■ Task details
A faithful copy of every record is needed here. Images must not appear in it.

(Source records)
- - - -
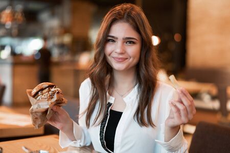 young beautiful woman in white blouse looks hungry holding fresh meat burger in one hand and fries in another during lunch in cafe eating outside
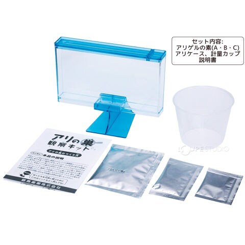 本品はアリの巣穴の材料となる「アリゲルの素」と専用の容器がセットになっています。この一式で夏休みの自由研究にチャレンジしてみよう♪
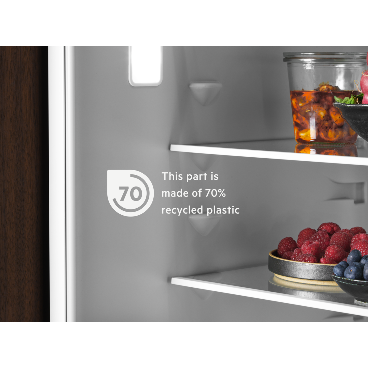 Revestimento interno rHIPS feito com até 70% de plástico reciclado, representando 13% do plástico total do frigorífico.
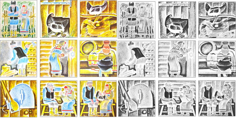 Принцип игры: выложить цепочкой цветные картинки на черно-белые и рассказать сказку по сюжету.
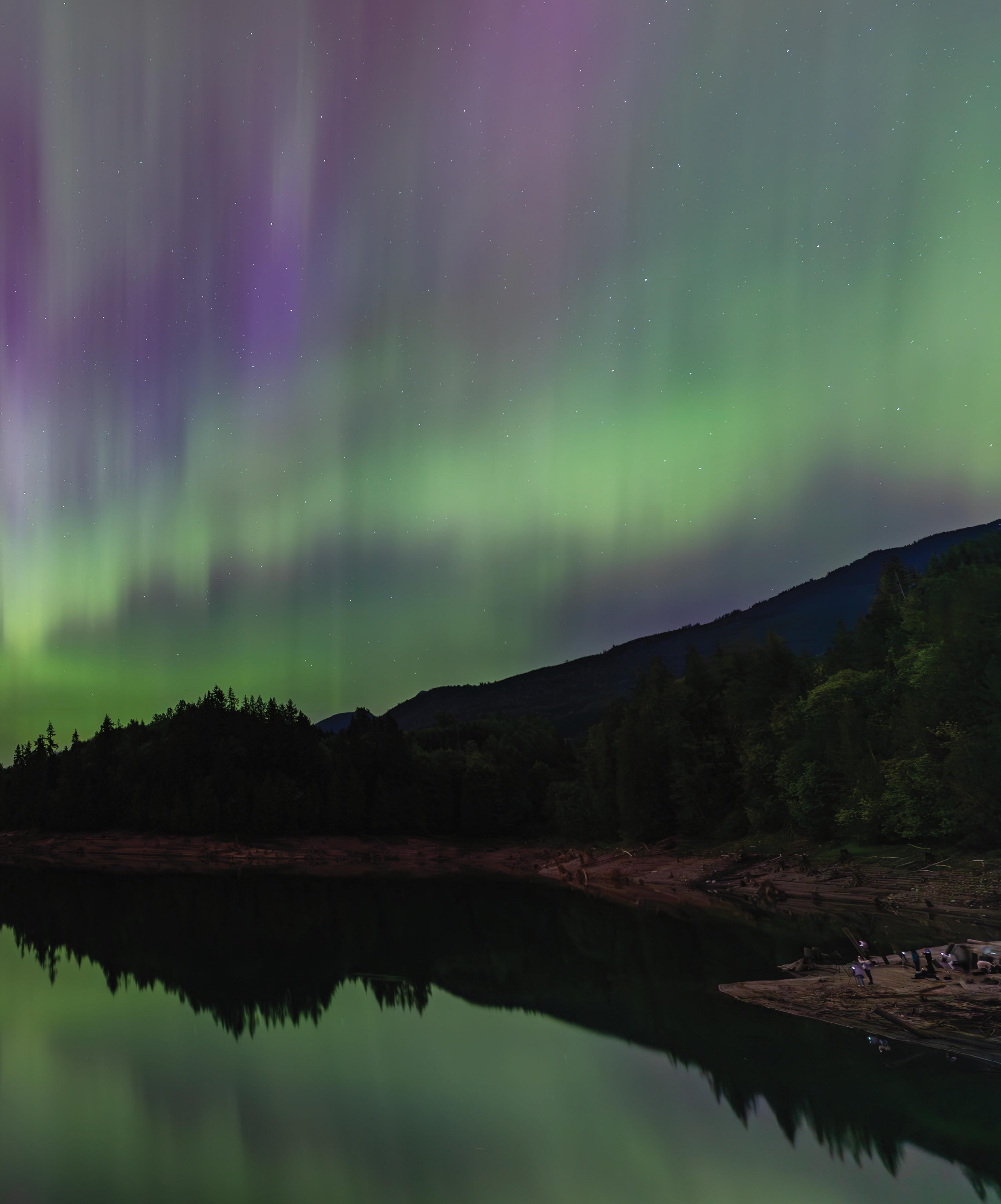 Discover Washington’s best locations to witness the magical aurora borealis. Patience and a thermos are all you need. wri en by Ryn Pfeu er
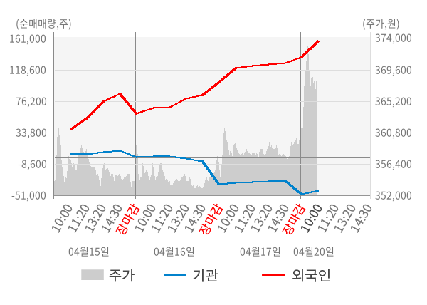 [서울=뉴스핌] 로보뉴스 = 20일 10시 15분 현재 LG화학(051910)은 전일 대비 2.22% (현재가 368,000원) 상승했고, 외국인이 최근 5일 연속 순매수(누적 16.13만 주, 잠정) 행진을 하고 있다.
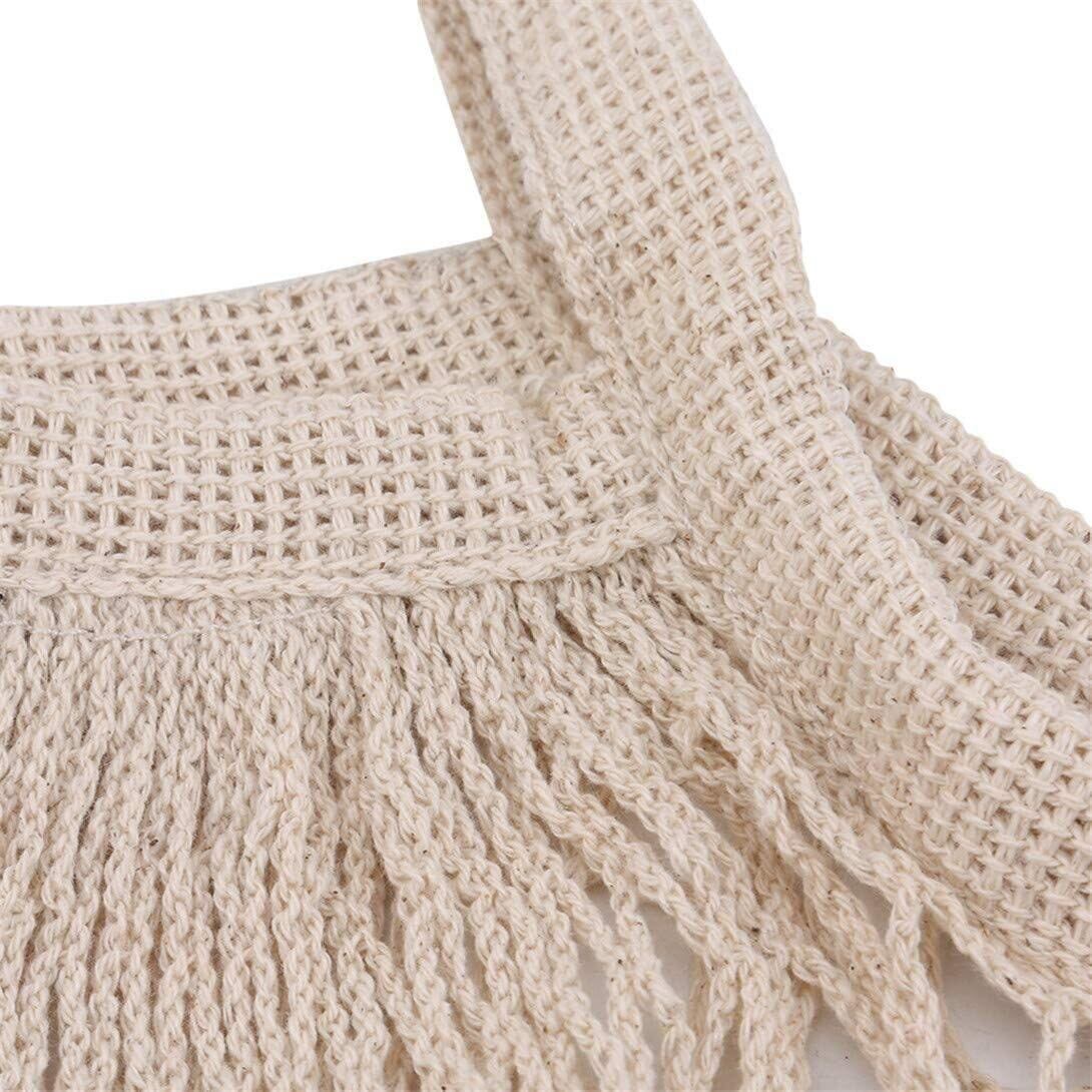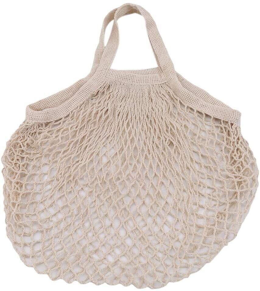 再利用可能な食料品メッシュバッグ、コットンメッシュストリングショッピングバッグ、果物野菜の保管用の長いハンドル付きのポータブルで洗えるトートハンドバッグ、外出旅行実用的で魅力的
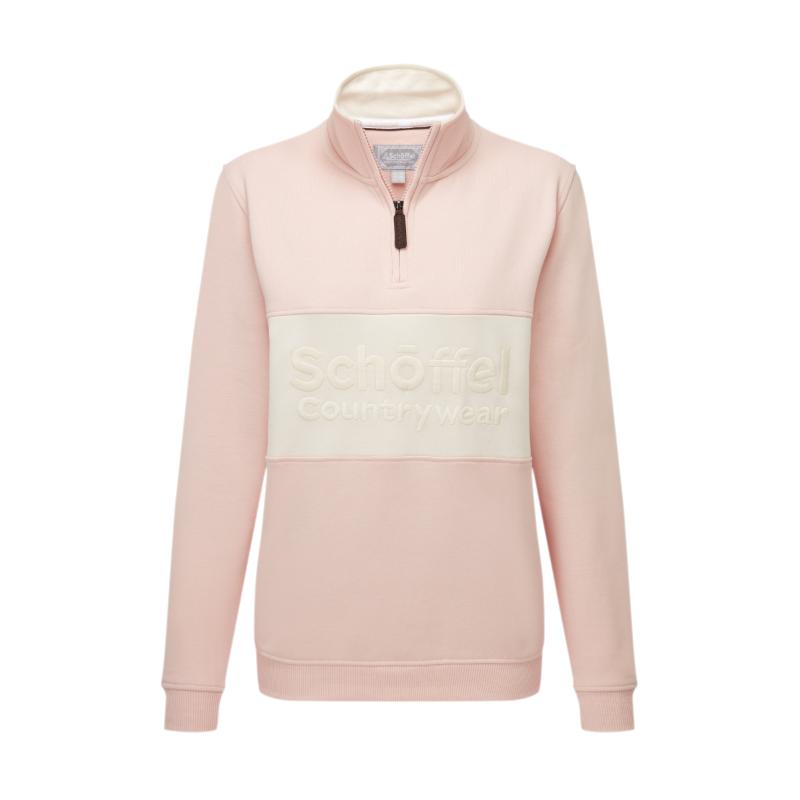 The Schoffel St Agnes Ladies 1/4 Zip Sweatshirt offers a blend of style and comfort. Made with a cotton blend, this sweatshirt boasts a soft jersey material that is both durable and comfortable. This timeless jumper features a classic colour block design and a 1/4 length YKK zipper. It also includes iconic Schöffel elements such as a branded leather zip pull, logo embroidery on the chest, and a branded neck tape.
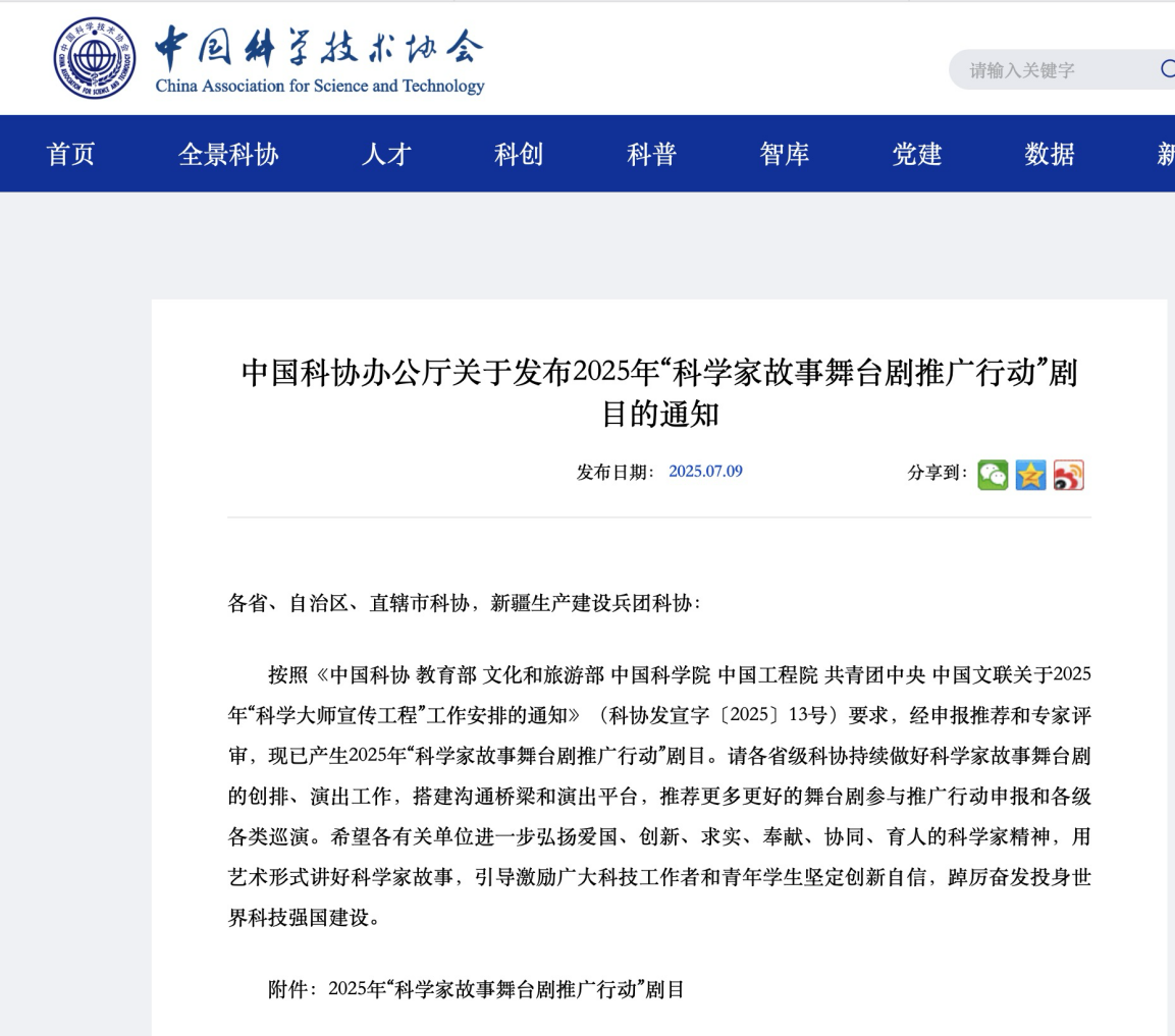 本网讯 近日,中国科协办公厅发布2025年“科学家故事舞台剧推广行动”剧目名单,由木瓜视频
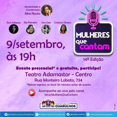 Nesta sexta-feira (9), às 19h, o Teatro Adamastor recebe o projeto Mulheres que Cantam, show-live com artistas guarulhenses que tem como objetivo mostrar a força da música brasileira, representada na expressividade da voz feminina, destacar o protagonismo da mulher e exaltar o talento de cantoras e vozes em busca de espaço no cenário musical. O evento é presencial e aberto ao público, com transmissão pelo canal do projeto no YouTube.
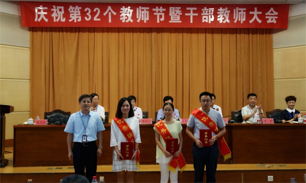 校领导吴光林、孙进、任留钦、梁惠、曾凡远分别为从教30周年教师、优秀教师、优秀教育工作者和优秀教学秘书、优秀辅导员颁奖。党委副书记张登宏主持大会。副院长季翔宣读表彰文件。教师代表张兰兰作了交流发言。(党政办公室)
- - - -
■ Response for this exercise
 young beautiful woman in white blouse looks hungry holding fresh meat burger in one hand and fries in another during lunch in cafe eating outside
 本品はアリの巣穴の材料となる「アリゲルの素」と専用の容器がセットになっています。この一式で夏休みの自由研究にチャレンジしてみよう♪
 Revestimento interno rHIPS feito com até 70% de plástico reciclado, representando 13% do plástico total do frigorífico.
 Принцип игры: выложить цепочкой цветные картинки на черно-белые и рассказать сказку по сюжету.
 Discover Washington’s best locations to witness the magical aurora borealis. Patience and a thermos are all you need. wri en by Ryn Pfeu er
 [서울=뉴스핌] 로보뉴스 = 20일 10시 15분 현재 LG화학(051910)은 전일 대비 2.22% (현재가 368,000원) 상승했고, 외국인이 최근 5일 연속 순매수(누적 16.13만 주, 잠정) 행진을 하고 있다.
 再利用可能な食料品メッシュバッグ、コットンメッシュストリングショッピングバッグ、果物野菜の保管用の長いハンドル付きのポータブルで洗えるトートハンドバッグ、外出旅行実用的で魅力的
 The Schoffel St Agnes Ladies 1/4 Zip Sweatshirt offers a blend of style and comfort. Made with a cotton blend, this sweatshirt boasts a soft jersey material that is both durable and comfortable. This timeless jumper features a classic colour block design and a 1/4 length YKK zipper. It also includes iconic Schöffel elements such as a branded leather zip pull, logo embroidery on the chest, and a branded neck tape.
 本网讯 近日,中国科协办公厅发布2025年“科学家故事舞台剧推广行动”剧目名单,由木瓜视频
 Nesta sexta-feira (9), às 19h, o Teatro Adamastor recebe o projeto Mulheres que Cantam, show-live com artistas guarulhenses que tem como objetivo mostrar a força da música brasileira, representada na expressividade da voz feminina, destacar o protagonismo da mulher e exaltar o talento de cantoras e vozes em busca de espaço no cenário musical. O evento é presencial e aberto ao público, com transmissão pelo canal do projeto no YouTube.
 校领导吴光林、孙进、任留钦、梁惠、曾凡远分别为从教30周年教师、优秀教师、优秀教育工作者和优秀教学秘书、优秀辅导员颁奖。党委副书记张登宏主持大会。副院长季翔宣读表彰文件。教师代表张兰兰作了交流发言。(党政办公室)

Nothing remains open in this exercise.